The anticipated Nexus exit (1H2025, 1.4x MOM return), a software provider for hospitals, is also expected to further strengthen the financial position of Luxempart. Penning thinks that this “take-private case” illustrates their strategy of selectively investing in listed companies with the potential for private equity-like value creation following the ongoing takeover by TA Associates, a private equity group specialised in software. For many of its companies, the management regularly asks itself the question whether it is still the “best owner.” That may drive further transactions in 2025.

In 2024, Luxempart invested €153m (one new “direct investment” in Medios AG and six new “investment fund” commitments) and realised €176m from divestments.

Any second thoughts about increasing exposure to the US?

Questioned by Paperjam on the appropriateness of diversifying in the US given that the market is “priced to perfection” whilst Trump’s tariffs may hurt the US more than other countries, Penning argued that Luxempart’s strategic plan is to gradually increase its exposure in their fund portfolio to around 15% over five years. “Our Nav has still very little exposure to US funds,” stated Penning.

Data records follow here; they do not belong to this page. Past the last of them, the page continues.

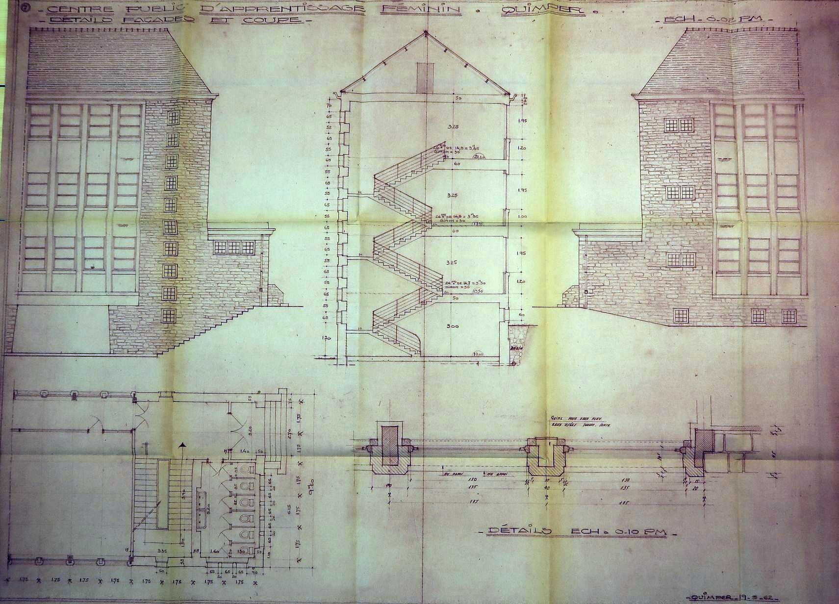 Détails façades et coupe. Centre public d'apprentissage féminin. Quimper. Jacques Lachaud, architecte, 19/05/1962. Noter le traitement de la trame d'1,75m, ainsi que le plan des escaliers et des sanitaires.Immatriculation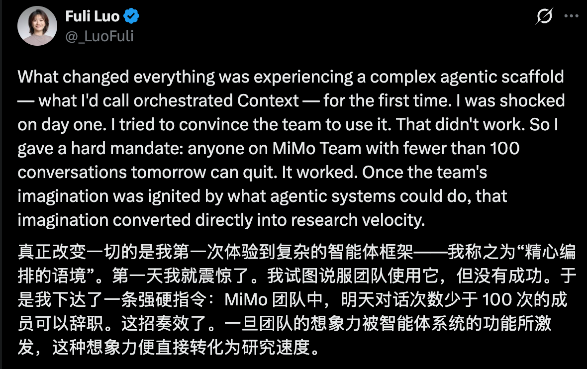 So I gave a hard mandate: anyone on MiMo Team with fewer than 100 conversations tomorrow can quit.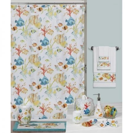 $22.50Original price was: $22.50.$18.00Current price is: $18.00.Visit the Caribbean with our whimsical watercolor fish printed on 100% polyester-taffeta fabric shower curtain. Coordinates with other Rainbow Fish accessories, rug and towels sold else where on this site. to complete this sparking tropical under-the-sea story. Buttonhole top for easy installation. Machine wash, tumble dry. 72"x72"

By nature, we are optimists. In the current environment we are rather more confident based on our portfolio
Lionel de Hemptinne

Lionel de HemptinneCFOLuxempart

Luxempart’s focus is on the lower mid-cap segment, investing in funds that channel their capital into founder-led or family-led companies with enterprise values between a few million and $25m in Ebitda, typically entering at 5-8 times Ebitda with low leverage. They have little to do with the Nasdaq. This strategy mirrors their European approach and leverages on the strong entrepreneurial environment in the US.

Persistent discount in the share price

Luxempart noted that its share price increased by 7% in 2024, reaching €70.50 per share and outperforming the MSCI Europe Mid Cap index with a 4-year annualised return of 10.0% against 5.2% for its benchmark. Yet its shares still traded at a 38.5% discount to the Nav per share of €114.72, a persistent issue that Paperjam reported in 2024. It closed at 68€ on 27 March 2025.

At the end of 2024, Luxempart had €184m in financial liquidity and no financial debt, along with €200m in undrawn credit lines. It thinks that its liquidity profile provides flexibility for future opportunities and supporting portfolio companies. The board of directors proposes a gross dividend of €2.33 per share (+7.4%).

More confident than optimistic

“By nature, we are optimists. In the current environment we are rather more confident based on our portfolio,” said Lionel de Hemptinne, CFO at Luxempart. In its press release, Luxempart acknowledged global uncertainties stemming from US policies and the war in Ukraine. De Hemptinne thinks that its strategy to diversify into the US and its strong liquidity position are expected to help navigate these challenges and seize new opportunities.

In March 2025, Luxempart became a signatory of the UN Principles for Responsible Investment, emphasising its commitment to sustainability.